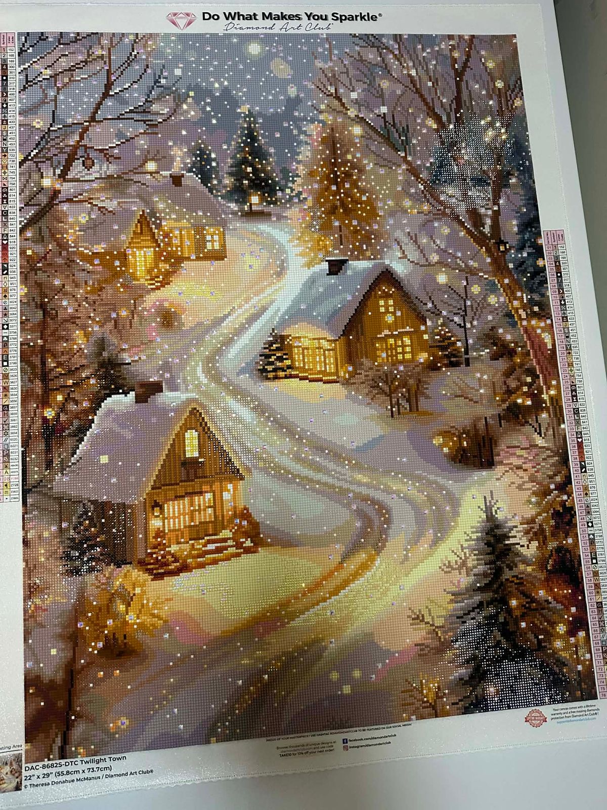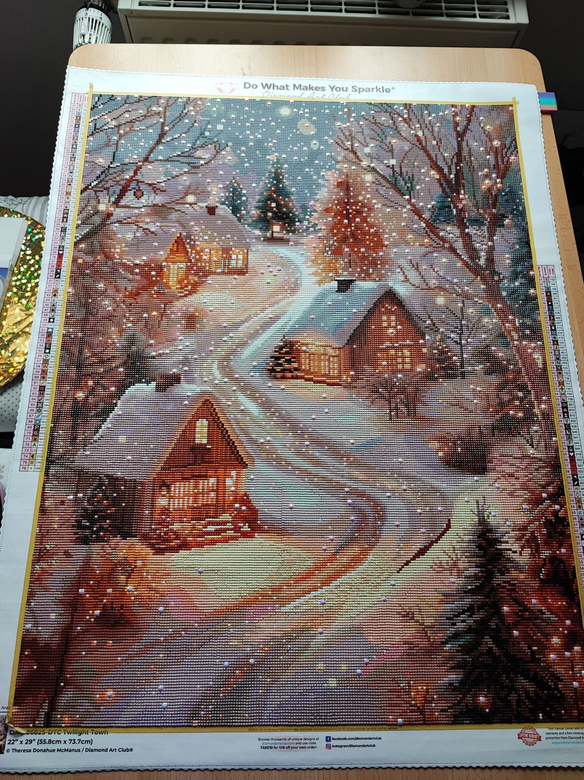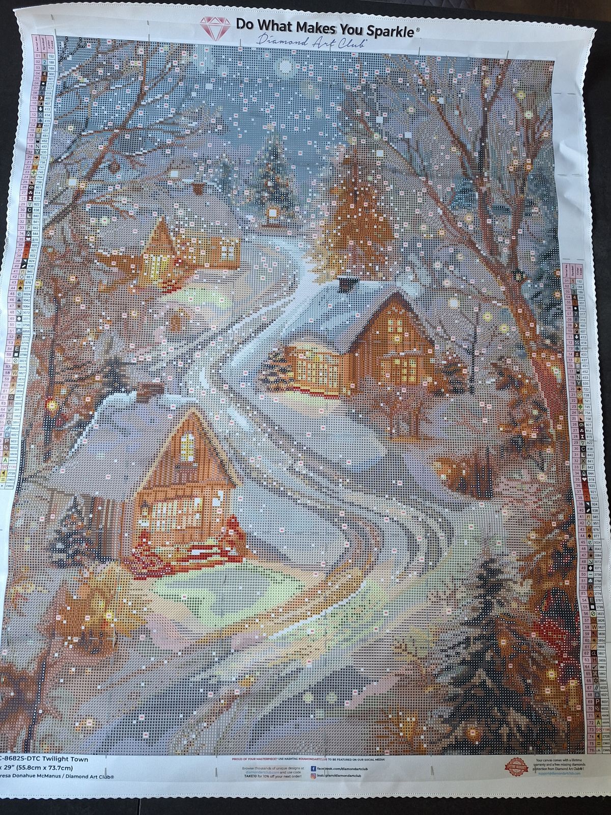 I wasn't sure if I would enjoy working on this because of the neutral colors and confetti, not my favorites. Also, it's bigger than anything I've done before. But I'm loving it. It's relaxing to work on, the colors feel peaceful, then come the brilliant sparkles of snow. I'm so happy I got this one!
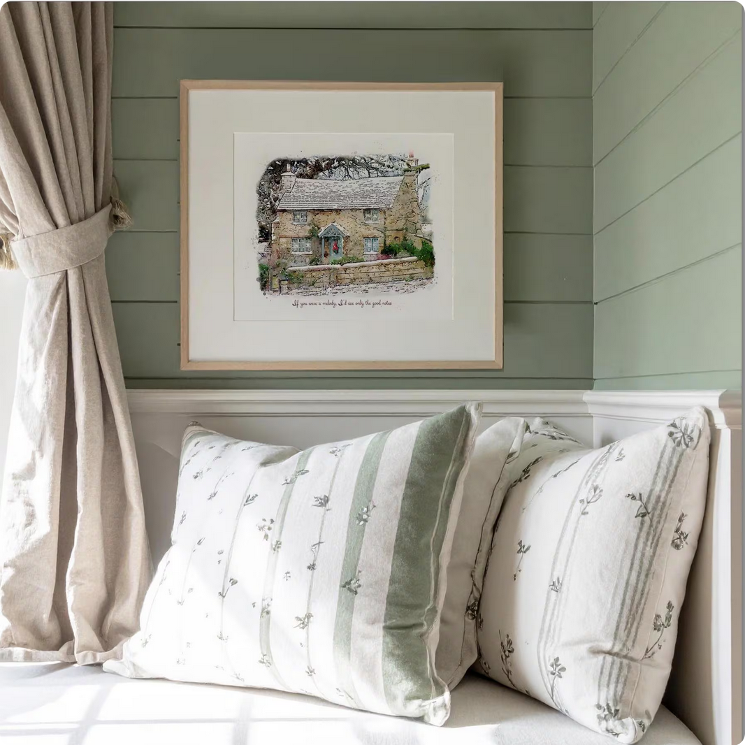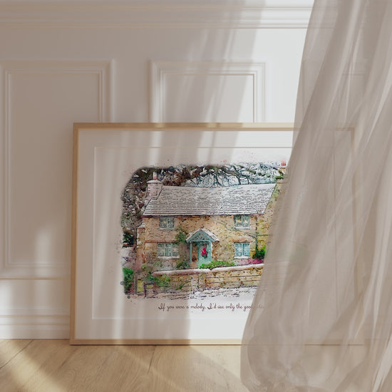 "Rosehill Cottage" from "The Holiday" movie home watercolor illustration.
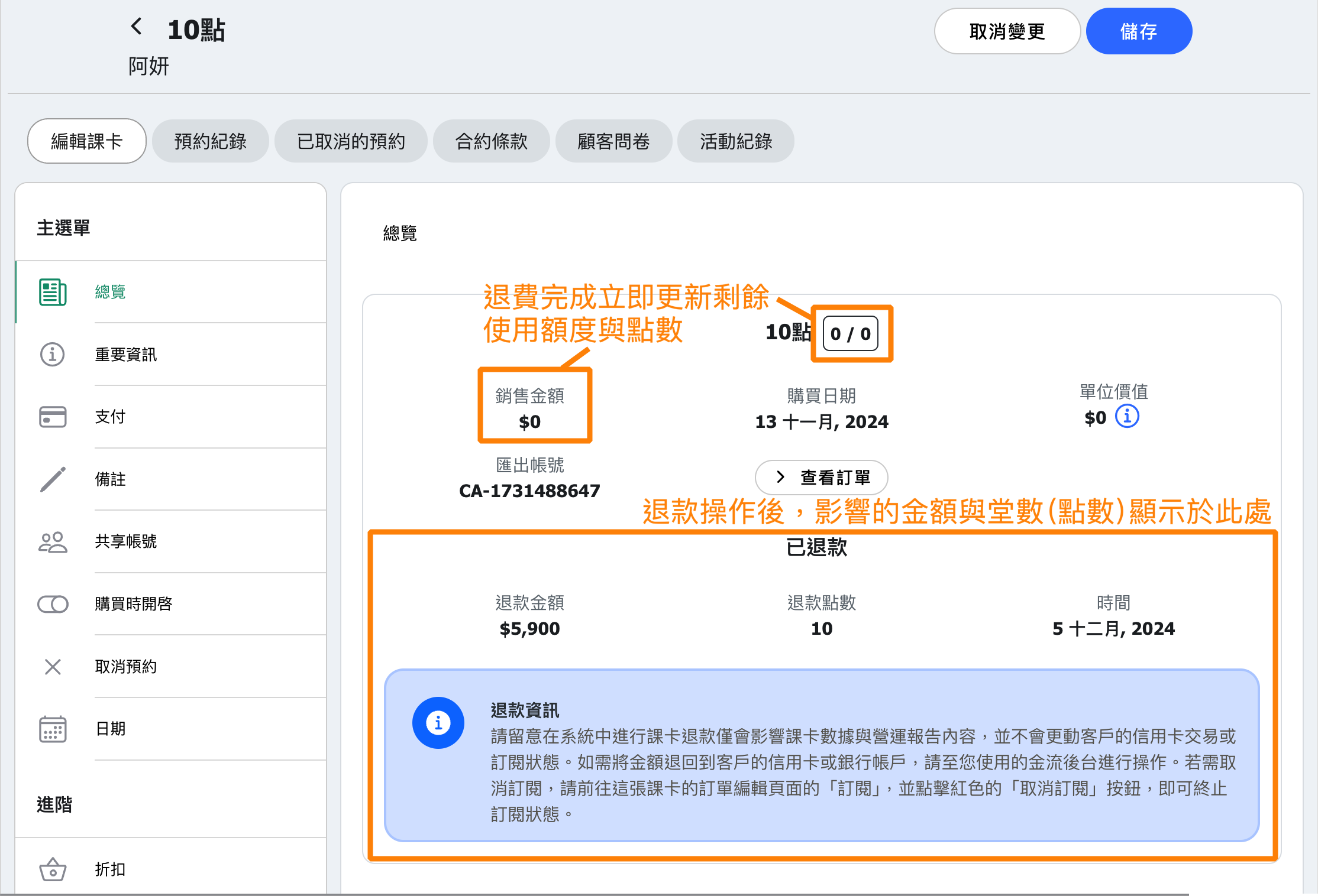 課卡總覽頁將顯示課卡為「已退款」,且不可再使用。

--

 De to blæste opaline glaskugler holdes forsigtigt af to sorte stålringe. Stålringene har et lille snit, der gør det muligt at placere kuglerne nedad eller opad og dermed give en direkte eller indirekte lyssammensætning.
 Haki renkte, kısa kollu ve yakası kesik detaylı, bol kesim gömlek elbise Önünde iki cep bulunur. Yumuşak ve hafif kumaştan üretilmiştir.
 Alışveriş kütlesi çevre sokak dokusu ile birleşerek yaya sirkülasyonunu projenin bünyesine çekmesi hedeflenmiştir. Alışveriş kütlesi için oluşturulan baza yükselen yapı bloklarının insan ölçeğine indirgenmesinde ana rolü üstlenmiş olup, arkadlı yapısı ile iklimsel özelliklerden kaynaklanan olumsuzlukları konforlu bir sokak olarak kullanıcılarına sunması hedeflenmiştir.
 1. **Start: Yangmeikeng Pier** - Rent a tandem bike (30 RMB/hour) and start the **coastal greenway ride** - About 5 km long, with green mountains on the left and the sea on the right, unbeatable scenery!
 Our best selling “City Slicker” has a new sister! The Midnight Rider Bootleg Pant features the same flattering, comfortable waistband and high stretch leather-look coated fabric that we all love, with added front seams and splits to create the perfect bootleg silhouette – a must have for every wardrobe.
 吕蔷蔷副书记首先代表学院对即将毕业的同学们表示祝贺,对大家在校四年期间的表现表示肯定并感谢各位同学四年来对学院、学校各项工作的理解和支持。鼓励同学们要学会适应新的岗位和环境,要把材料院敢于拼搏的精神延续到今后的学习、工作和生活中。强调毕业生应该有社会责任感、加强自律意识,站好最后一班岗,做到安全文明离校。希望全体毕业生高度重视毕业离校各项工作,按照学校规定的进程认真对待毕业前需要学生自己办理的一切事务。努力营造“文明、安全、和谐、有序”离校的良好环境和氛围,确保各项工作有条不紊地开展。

TASK OBJECTIVE
Your answer must be the lines above from the one containing "Haki renkte, kısa" to the one containing "吕蔷蔷副书记首先代表学院对即", both included, restated word for word.

REPLY
 Haki renkte, kısa kollu ve yakası kesik detaylı, bol kesim gömlek elbise Önünde iki cep bulunur. Yumuşak ve hafif kumaştan üretilmiştir.
 Alışveriş kütlesi çevre sokak dokusu ile birleşerek yaya sirkülasyonunu projenin bünyesine çekmesi hedeflenmiştir. Alışveriş kütlesi için oluşturulan baza yükselen yapı bloklarının insan ölçeğine indirgenmesinde ana rolü üstlenmiş olup, arkadlı yapısı ile iklimsel özelliklerden kaynaklanan olumsuzlukları konforlu bir sokak olarak kullanıcılarına sunması hedeflenmiştir.
 1. **Start: Yangmeikeng Pier** - Rent a tandem bike (30 RMB/hour) and start the **coastal greenway ride** - About 5 km long, with green mountains on the left and the sea on the right, unbeatable scenery!
 Our best selling “City Slicker” has a new sister! The Midnight Rider Bootleg Pant features the same flattering, comfortable waistband and high stretch leather-look coated fabric that we all love, with added front seams and splits to create the perfect bootleg silhouette – a must have for every wardrobe.
 吕蔷蔷副书记首先代表学院对即将毕业的同学们表示祝贺,对大家在校四年期间的表现表示肯定并感谢各位同学四年来对学院、学校各项工作的理解和支持。鼓励同学们要学会适应新的岗位和环境,要把材料院敢于拼搏的精神延续到今后的学习、工作和生活中。强调毕业生应该有社会责任感、加强自律意识,站好最后一班岗,做到安全文明离校。希望全体毕业生高度重视毕业离校各项工作,按照学校规定的进程认真对待毕业前需要学生自己办理的一切事务。努力营造“文明、安全、和谐、有序”离校的良好环境和氛围,确保各项工作有条不紊地开展。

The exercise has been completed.